- [WHAT TO PRODUCE]
Copy the data exactly. Images are to be left out.
————
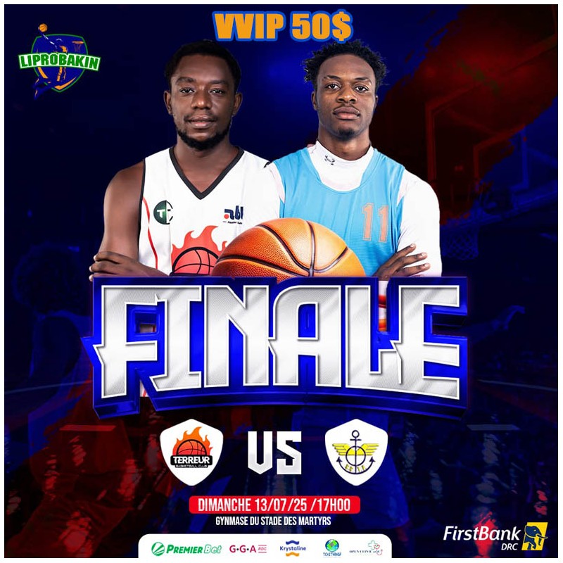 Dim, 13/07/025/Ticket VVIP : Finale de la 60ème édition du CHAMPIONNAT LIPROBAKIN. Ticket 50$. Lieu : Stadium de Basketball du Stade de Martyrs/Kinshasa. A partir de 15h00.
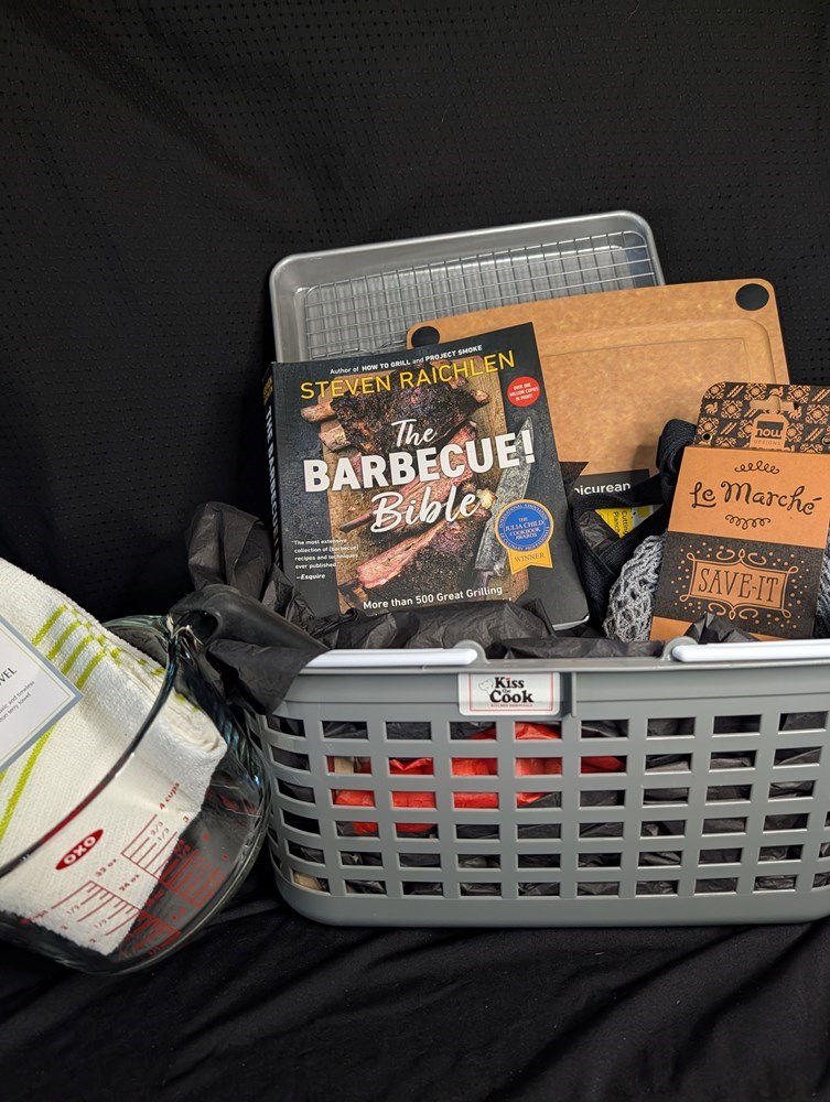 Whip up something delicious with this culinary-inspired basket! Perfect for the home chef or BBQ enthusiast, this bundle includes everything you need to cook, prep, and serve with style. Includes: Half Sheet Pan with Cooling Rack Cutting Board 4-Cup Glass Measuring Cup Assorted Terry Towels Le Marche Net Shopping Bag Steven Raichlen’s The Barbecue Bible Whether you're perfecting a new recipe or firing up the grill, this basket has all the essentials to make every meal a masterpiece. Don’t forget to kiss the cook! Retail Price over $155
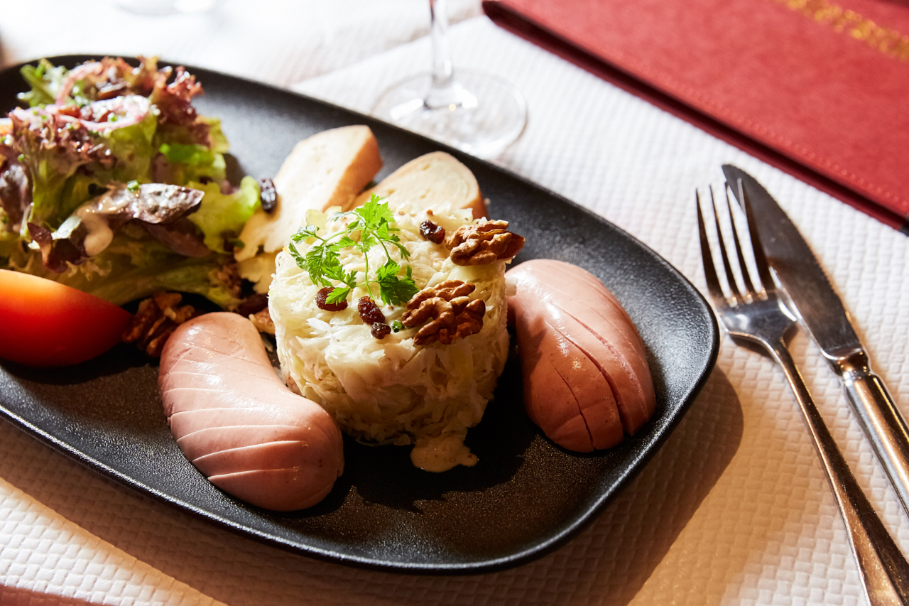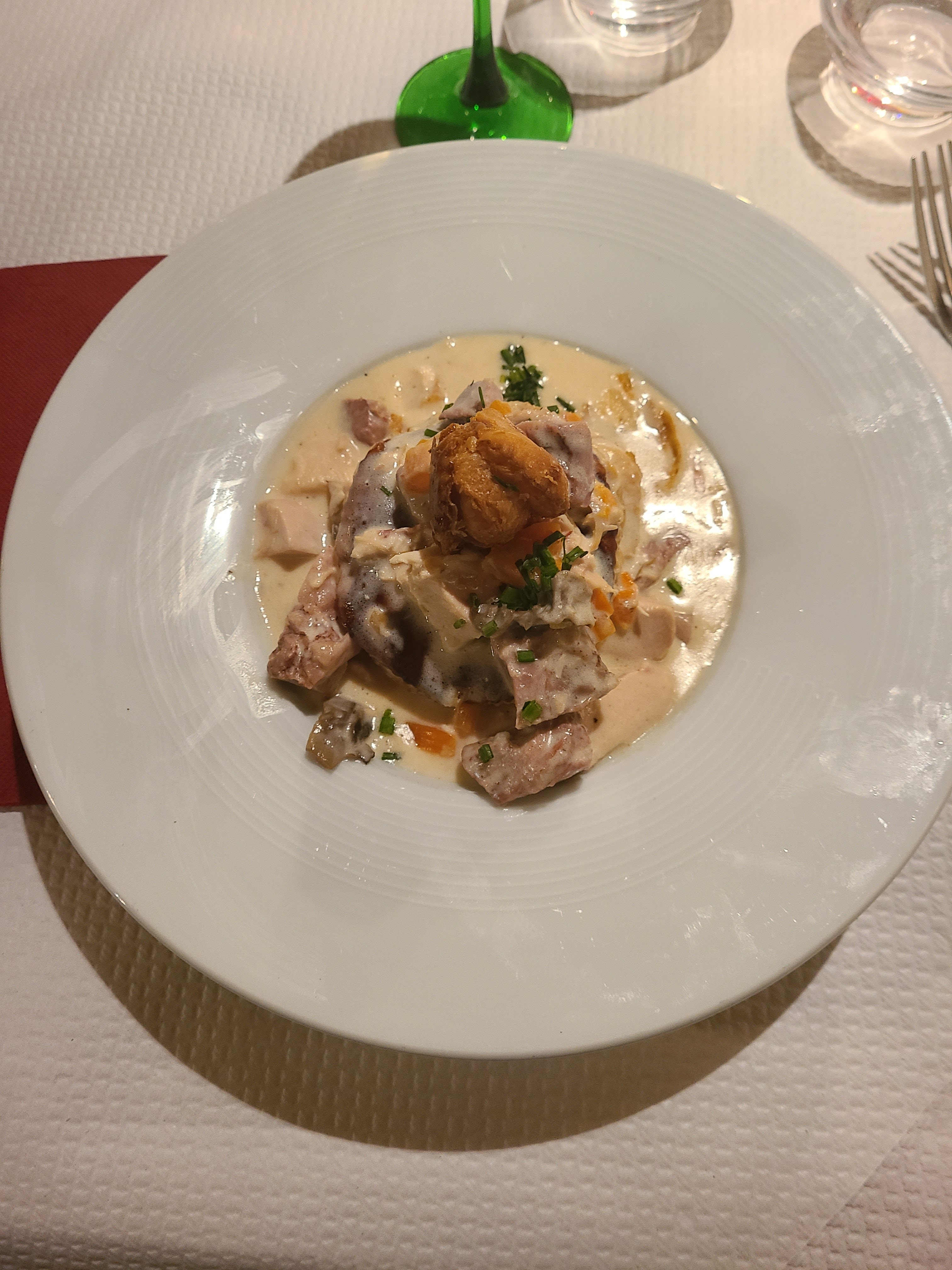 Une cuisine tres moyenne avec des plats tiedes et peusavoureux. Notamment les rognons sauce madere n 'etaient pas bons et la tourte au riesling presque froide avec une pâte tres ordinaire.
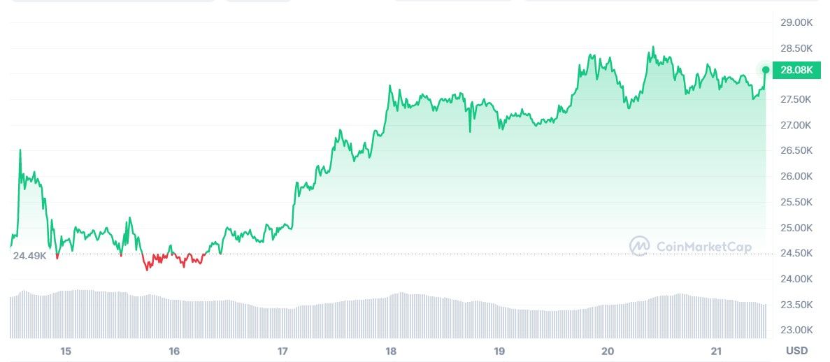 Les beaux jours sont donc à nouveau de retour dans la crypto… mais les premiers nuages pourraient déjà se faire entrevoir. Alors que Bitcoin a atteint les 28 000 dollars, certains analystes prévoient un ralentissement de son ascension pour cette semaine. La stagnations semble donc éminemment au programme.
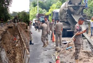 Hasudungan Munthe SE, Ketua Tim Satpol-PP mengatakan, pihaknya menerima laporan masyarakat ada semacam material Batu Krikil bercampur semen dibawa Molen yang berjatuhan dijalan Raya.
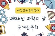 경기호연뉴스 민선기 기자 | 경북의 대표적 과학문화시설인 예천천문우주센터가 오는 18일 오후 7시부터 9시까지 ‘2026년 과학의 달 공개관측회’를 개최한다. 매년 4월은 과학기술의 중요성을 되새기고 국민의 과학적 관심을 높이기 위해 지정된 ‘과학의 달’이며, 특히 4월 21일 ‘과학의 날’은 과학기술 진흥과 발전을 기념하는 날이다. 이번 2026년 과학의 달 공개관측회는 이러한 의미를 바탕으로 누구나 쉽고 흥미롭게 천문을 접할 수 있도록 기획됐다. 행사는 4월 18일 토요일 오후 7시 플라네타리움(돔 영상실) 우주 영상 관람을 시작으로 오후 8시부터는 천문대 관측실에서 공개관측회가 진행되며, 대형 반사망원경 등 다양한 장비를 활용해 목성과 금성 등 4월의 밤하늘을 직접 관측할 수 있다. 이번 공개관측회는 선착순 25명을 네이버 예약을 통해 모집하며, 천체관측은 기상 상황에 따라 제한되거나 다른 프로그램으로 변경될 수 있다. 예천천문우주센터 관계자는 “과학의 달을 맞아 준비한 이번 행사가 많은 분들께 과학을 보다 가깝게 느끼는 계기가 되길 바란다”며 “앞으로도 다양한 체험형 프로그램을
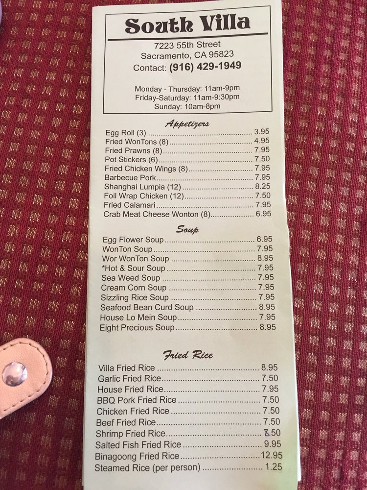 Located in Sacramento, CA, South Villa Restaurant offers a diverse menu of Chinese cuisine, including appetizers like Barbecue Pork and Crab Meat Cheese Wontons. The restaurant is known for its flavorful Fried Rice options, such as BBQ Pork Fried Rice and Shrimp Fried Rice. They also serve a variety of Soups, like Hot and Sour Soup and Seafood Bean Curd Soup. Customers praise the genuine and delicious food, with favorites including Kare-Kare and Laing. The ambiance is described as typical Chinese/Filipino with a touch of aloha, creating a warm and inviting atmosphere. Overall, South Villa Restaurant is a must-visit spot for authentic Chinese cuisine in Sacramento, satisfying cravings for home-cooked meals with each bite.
————
- [COMPLETED TASK]
 Dim, 13/07/025/Ticket VVIP : Finale de la 60ème édition du CHAMPIONNAT LIPROBAKIN. Ticket 50$. Lieu : Stadium de Basketball du Stade de Martyrs/Kinshasa. A partir de 15h00.
 Whip up something delicious with this culinary-inspired basket! Perfect for the home chef or BBQ enthusiast, this bundle includes everything you need to cook, prep, and serve with style. Includes: Half Sheet Pan with Cooling Rack Cutting Board 4-Cup Glass Measuring Cup Assorted Terry Towels Le Marche Net Shopping Bag Steven Raichlen’s The Barbecue Bible Whether you're perfecting a new recipe or firing up the grill, this basket has all the essentials to make every meal a masterpiece. Don’t forget to kiss the cook! Retail Price over $155
 Une cuisine tres moyenne avec des plats tiedes et peusavoureux. Notamment les rognons sauce madere n 'etaient pas bons et la tourte au riesling presque froide avec une pâte tres ordinaire.
 Les beaux jours sont donc à nouveau de retour dans la crypto… mais les premiers nuages pourraient déjà se faire entrevoir. Alors que Bitcoin a atteint les 28 000 dollars, certains analystes prévoient un ralentissement de son ascension pour cette semaine. La stagnations semble donc éminemment au programme.
 Hasudungan Munthe SE, Ketua Tim Satpol-PP mengatakan, pihaknya menerima laporan masyarakat ada semacam material Batu Krikil bercampur semen dibawa Molen yang berjatuhan dijalan Raya.
 경기호연뉴스 민선기 기자 | 경북의 대표적 과학문화시설인 예천천문우주센터가 오는 18일 오후 7시부터 9시까지 ‘2026년 과학의 달 공개관측회’를 개최한다. 매년 4월은 과학기술의 중요성을 되새기고 국민의 과학적 관심을 높이기 위해 지정된 ‘과학의 달’이며, 특히 4월 21일 ‘과학의 날’은 과학기술 진흥과 발전을 기념하는 날이다. 이번 2026년 과학의 달 공개관측회는 이러한 의미를 바탕으로 누구나 쉽고 흥미롭게 천문을 접할 수 있도록 기획됐다. 행사는 4월 18일 토요일 오후 7시 플라네타리움(돔 영상실) 우주 영상 관람을 시작으로 오후 8시부터는 천문대 관측실에서 공개관측회가 진행되며, 대형 반사망원경 등 다양한 장비를 활용해 목성과 금성 등 4월의 밤하늘을 직접 관측할 수 있다. 이번 공개관측회는 선착순 25명을 네이버 예약을 통해 모집하며, 천체관측은 기상 상황에 따라 제한되거나 다른 프로그램으로 변경될 수 있다. 예천천문우주센터 관계자는 “과학의 달을 맞아 준비한 이번 행사가 많은 분들께 과학을 보다 가깝게 느끼는 계기가 되길 바란다”며 “앞으로도 다양한 체험형 프로그램을
 Located in Sacramento, CA, South Villa Restaurant offers a diverse menu of Chinese cuisine, including appetizers like Barbecue Pork and Crab Meat Cheese Wontons. The restaurant is known for its flavorful Fried Rice options, such as BBQ Pork Fried Rice and Shrimp Fried Rice. They also serve a variety of Soups, like Hot and Sour Soup and Seafood Bean Curd Soup. Customers praise the genuine and delicious food, with favorites including Kare-Kare and Laing. The ambiance is described as typical Chinese/Filipino with a touch of aloha, creating a warm and inviting atmosphere. Overall, South Villa Restaurant is a must-visit spot for authentic Chinese cuisine in Sacramento, satisfying cravings for home-cooked meals with each bite.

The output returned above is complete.